Posted September 25, 2020
rjbuffchix: No, it may be a somewhat confusing point I'm making so I apologize but I am not making a direct analogy. I am saying that games being broken up piecemeal has become common for single player games. Which was prefaced by Horse Armor. Once enough gamers accepted cosmetic individual item DLC, such as Horse Armor, companies began pushing for more of games to be broken up and sold individually to players.
In other words supporting minor inconvenient bad practices has led to worse practices down the line.
Bethesda's Horse Armor was laughed off the yard. Did anyone really spend money on this? Not anybody I know. In other words supporting minor inconvenient bad practices has led to worse practices down the line.
What maybe paved the way for endless content additions was MS Flight Simulator. I remember whole shelves lined with boxes for single planes or airports, and they weren't cheap either. Someone must have bought all those little expansion - shelf space was valuable after all.
I guess companies like Paradox and Slitherine were inspired by that.
rjbuffchix: I don't see how this is any different. Another good example of this phenomenon might be GWENT paving the way for Cyberpunk multiplayer mode with microtransactions. And please look up "opportunity cost". In the case of Cyberpunk/Witcher franchises, we have missed out on DRM-free singleplayer games that could have been, because of how resources were/are being allocated to push DRMed multiplayer games. But I digress.

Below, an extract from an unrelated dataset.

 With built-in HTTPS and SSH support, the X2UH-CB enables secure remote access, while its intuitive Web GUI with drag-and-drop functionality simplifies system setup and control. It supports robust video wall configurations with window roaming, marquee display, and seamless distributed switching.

Well, after Witcher 3 people were begging for a stand-alone MP Gwent game. I guess it was too tempting to cash in on that. At least it's F2P. I doubt it drew serious resources from SP game development - it even spawned Thronebreaker as SP version. In case of CP2077 we simply don't know anything yet about how it'll work, and will be paid content. Frankly, I'm not interested in it anyway. I'm pretty sure SP and MP are made by different teams. Art assets will be double use anyway, game design is vastly different, and story telling... well.
One thing that serious binds resources is MP infrastructure, and that is managed by GOG. No wonder they don't find the time to fix the website and Galaxy development is so slow and bumpy.